▶ Task statement:
In the copy you make, include no pictures, and transcribe every record exactly.
=== Material for the task ===
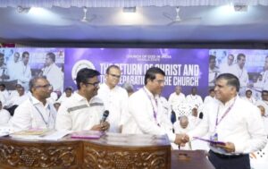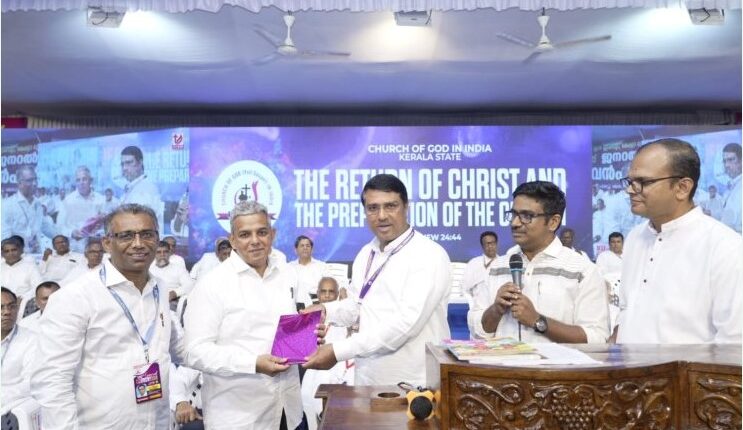 രുവല്ല: ശതാബ്ദിയുടെ ഭാഗമായി ഹോം മിഷന് ഡിപ്പാര്ട്ട്മെന്റിന്റെ പിന്തുണയോടെ മലയാളത്തിലും ഹിന്ദിയിലുമായി ചർച്ച് ഓഫ് ഗോഡ് സണ്ഡേസ്കൂള് ഡിപ്പാര്ട്ട്മെന്റ് പുറത്തിറക്കിയ മിഷന് സണ്ഡേസ്കൂള് സിലബസ് കേരളാ സ്റ്റേറ്റ് ഓവര്സീയര് പാസ്റ്റര് വൈ. റെജി, ഏഷ്യന് സൂപ്രണ്ട് റവ. സി.സി. തോമസിന് നല്കി പ്രകാശനം ചെയ്തു. ഹിന്ദി സിലബസ് സ്റ്റേറ്റ് ഓവര്സീയര്, സെന്റര് വെസ്റ്റ് റീജിയന് സണ്ഡേസ്കൂള് സെക്രട്ടറി പാസ്റ്റര് ഷിബു വര്ഗീസിന് പ്രഥമ കോപ്പി നല്കി പ്രകാശനം ചെയ്തു.
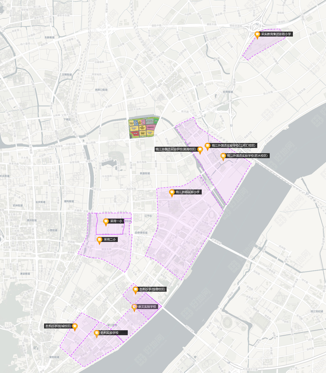 5.胜利:目前分为钱塘校区和新城校区,钱塘校区的学区范围为望江街道所辖的耀华社区、在水一方社区,新城校区的学区范围为紫阳街道海潮社区秋涛路以东。新城校区为新校区,范围内最新楼盘有仁恒滨江园、钱江侯潮府、滨江上品等。
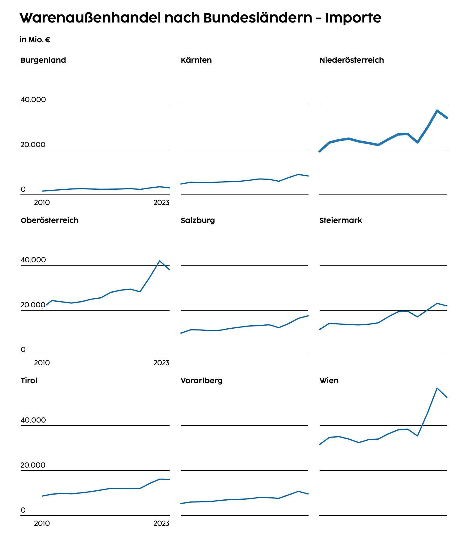 Österreich ist als offene Volkswirtschaft stark vom Außenhandel abhängig. Wichtigste Handelspartner sind Deutschland und die USA. Der Anstieg der Warenausfuhren hat in den letzten Jahren an Dynamik verloren.
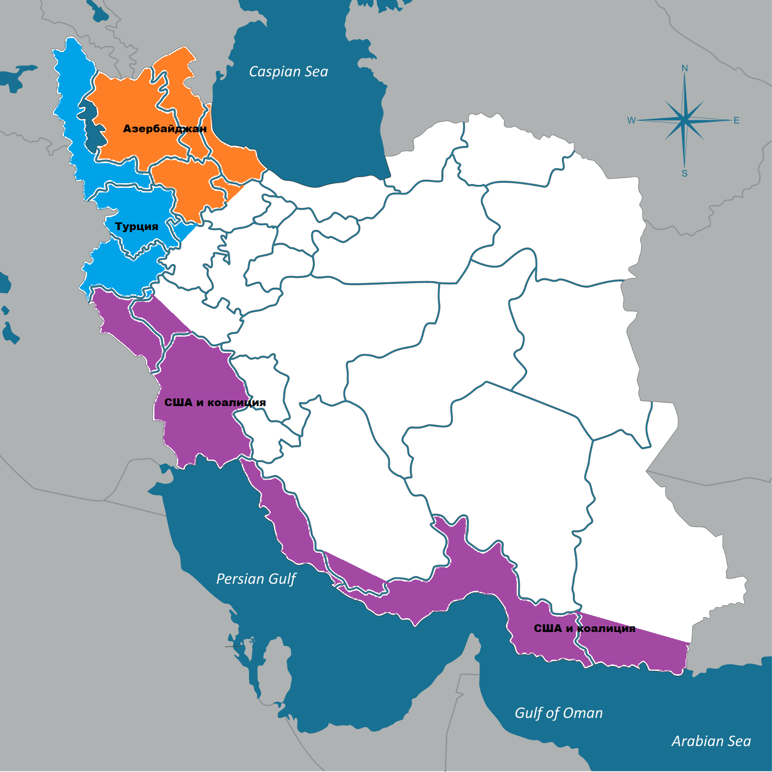 Короч, турки и азера забирают западный азербайджан тебриз, мехабад, курды забирают территории напротив сулеймании - сенендедж, керманшах. Сша заходят из эрбиля и басры, двигаются в исфахан-тегеран, а также на побережье - бушер и далее к ормузскому проливу. Марины высаживаются из омана, оаэ и катара. по логике, уже сейчас нужно брать аэропорт и аэс в бушере и вышки в море, порт в бендер-аббасе
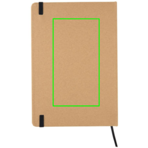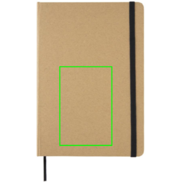 Notizbuch mit recyceltem Papier ( 72 Blätter /144 Seiten mit crèmefarbenem, liniertem 70g/m2 ) und einem Cover aus Kraft-Pappe. Das Notizbuch verfügt über ein elastisches Verschlussband und ein Lesezeichenband.
===
▶ Task answer:
 രുവല്ല: ശതാബ്ദിയുടെ ഭാഗമായി ഹോം മിഷന് ഡിപ്പാര്ട്ട്മെന്റിന്റെ പിന്തുണയോടെ മലയാളത്തിലും ഹിന്ദിയിലുമായി ചർച്ച് ഓഫ് ഗോഡ് സണ്ഡേസ്കൂള് ഡിപ്പാര്ട്ട്മെന്റ് പുറത്തിറക്കിയ മിഷന് സണ്ഡേസ്കൂള് സിലബസ് കേരളാ സ്റ്റേറ്റ് ഓവര്സീയര് പാസ്റ്റര് വൈ. റെജി, ഏഷ്യന് സൂപ്രണ്ട് റവ. സി.സി. തോമസിന് നല്കി പ്രകാശനം ചെയ്തു. ഹിന്ദി സിലബസ് സ്റ്റേറ്റ് ഓവര്സീയര്, സെന്റര് വെസ്റ്റ് റീജിയന് സണ്ഡേസ്കൂള് സെക്രട്ടറി പാസ്റ്റര് ഷിബു വര്ഗീസിന് പ്രഥമ കോപ്പി നല്കി പ്രകാശനം ചെയ്തു.
 5.胜利:目前分为钱塘校区和新城校区,钱塘校区的学区范围为望江街道所辖的耀华社区、在水一方社区,新城校区的学区范围为紫阳街道海潮社区秋涛路以东。新城校区为新校区,范围内最新楼盘有仁恒滨江园、钱江侯潮府、滨江上品等。
 Österreich ist als offene Volkswirtschaft stark vom Außenhandel abhängig. Wichtigste Handelspartner sind Deutschland und die USA. Der Anstieg der Warenausfuhren hat in den letzten Jahren an Dynamik verloren.
 Короч, турки и азера забирают западный азербайджан тебриз, мехабад, курды забирают территории напротив сулеймании - сенендедж, керманшах. Сша заходят из эрбиля и басры, двигаются в исфахан-тегеран, а также на побережье - бушер и далее к ормузскому проливу. Марины высаживаются из омана, оаэ и катара. по логике, уже сейчас нужно брать аэропорт и аэс в бушере и вышки в море, порт в бендер-аббасе
 Notizbuch mit recyceltem Papier ( 72 Blätter /144 Seiten mit crèmefarbenem, liniertem 70g/m2 ) und einem Cover aus Kraft-Pappe. Das Notizbuch verfügt über ein elastisches Verschlussband und ein Lesezeichenband.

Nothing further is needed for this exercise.